• [Task objective]: Write out, word for word and with no pictures, each line below from the one containing "交易策略:1.30275上方看涨,目标1.307211.30974" through the one containing "- Pack WC au", both included, and no other line.
Provided data START
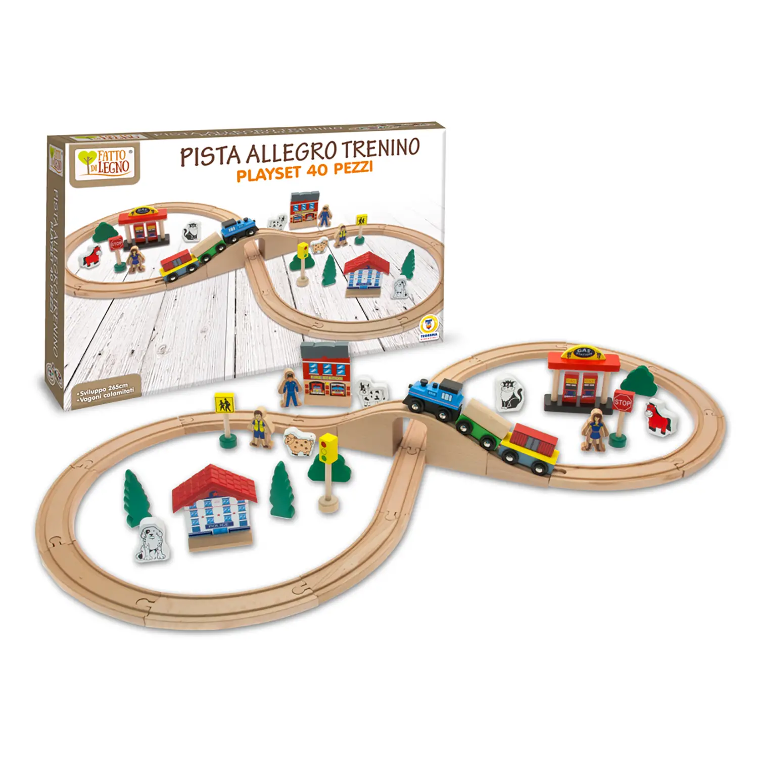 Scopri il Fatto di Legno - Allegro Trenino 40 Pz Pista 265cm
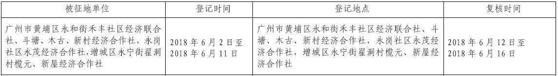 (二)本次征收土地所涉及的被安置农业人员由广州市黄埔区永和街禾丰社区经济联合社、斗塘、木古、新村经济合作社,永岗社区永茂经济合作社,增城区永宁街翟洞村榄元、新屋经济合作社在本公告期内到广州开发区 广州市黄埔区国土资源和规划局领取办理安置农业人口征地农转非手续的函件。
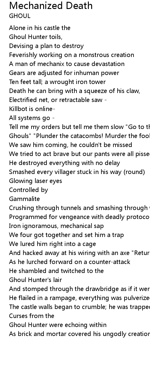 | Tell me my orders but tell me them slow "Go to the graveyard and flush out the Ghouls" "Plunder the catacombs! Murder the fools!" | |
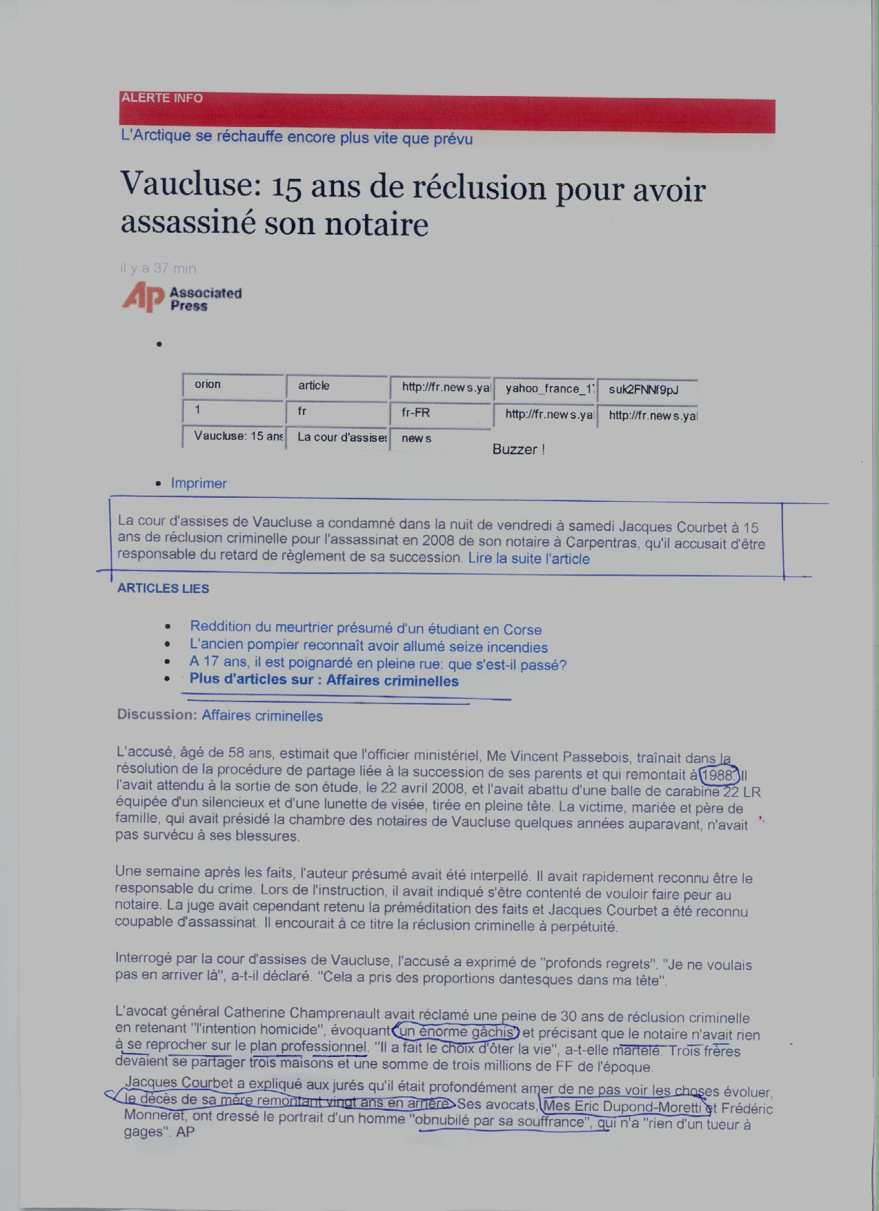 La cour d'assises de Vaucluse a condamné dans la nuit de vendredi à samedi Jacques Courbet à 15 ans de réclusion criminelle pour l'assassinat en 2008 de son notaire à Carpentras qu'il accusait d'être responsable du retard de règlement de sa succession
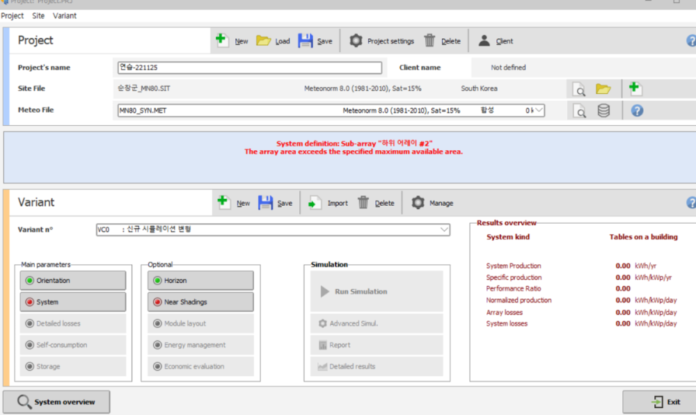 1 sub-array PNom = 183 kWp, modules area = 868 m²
Provided data END
Provided data START
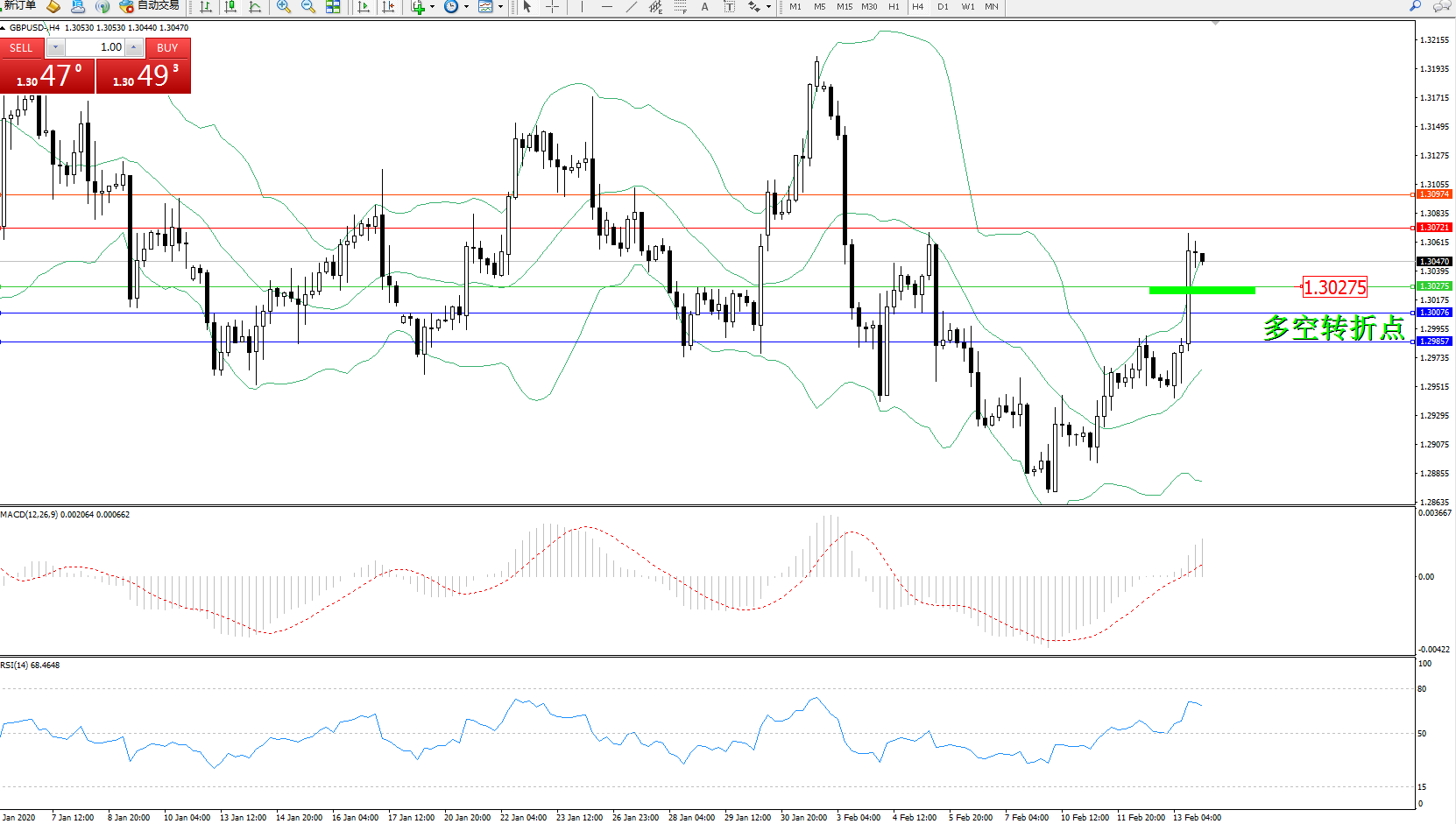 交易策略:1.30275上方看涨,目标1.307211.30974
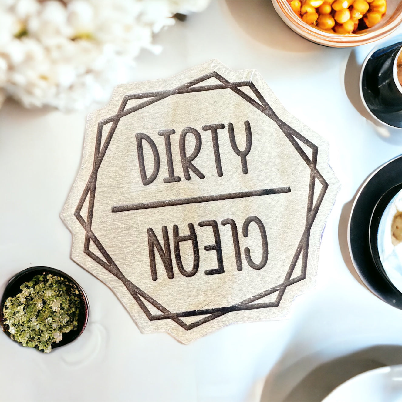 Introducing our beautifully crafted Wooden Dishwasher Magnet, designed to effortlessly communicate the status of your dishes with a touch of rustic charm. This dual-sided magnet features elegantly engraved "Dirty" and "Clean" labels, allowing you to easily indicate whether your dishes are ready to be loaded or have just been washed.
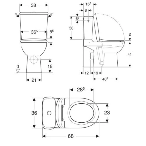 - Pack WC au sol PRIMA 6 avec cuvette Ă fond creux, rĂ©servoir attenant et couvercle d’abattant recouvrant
Provided data END
• [Problem solution]:
 交易策略:1.30275上方看涨,目标1.307211.30974
 Introducing our beautifully crafted Wooden Dishwasher Magnet, designed to effortlessly communicate the status of your dishes with a touch of rustic charm. This dual-sided magnet features elegantly engraved "Dirty" and "Clean" labels, allowing you to easily indicate whether your dishes are ready to be loaded or have just been washed.
 - Pack WC au sol PRIMA 6 avec cuvette Ă fond creux, rĂ©servoir attenant et couvercle d’abattant recouvrant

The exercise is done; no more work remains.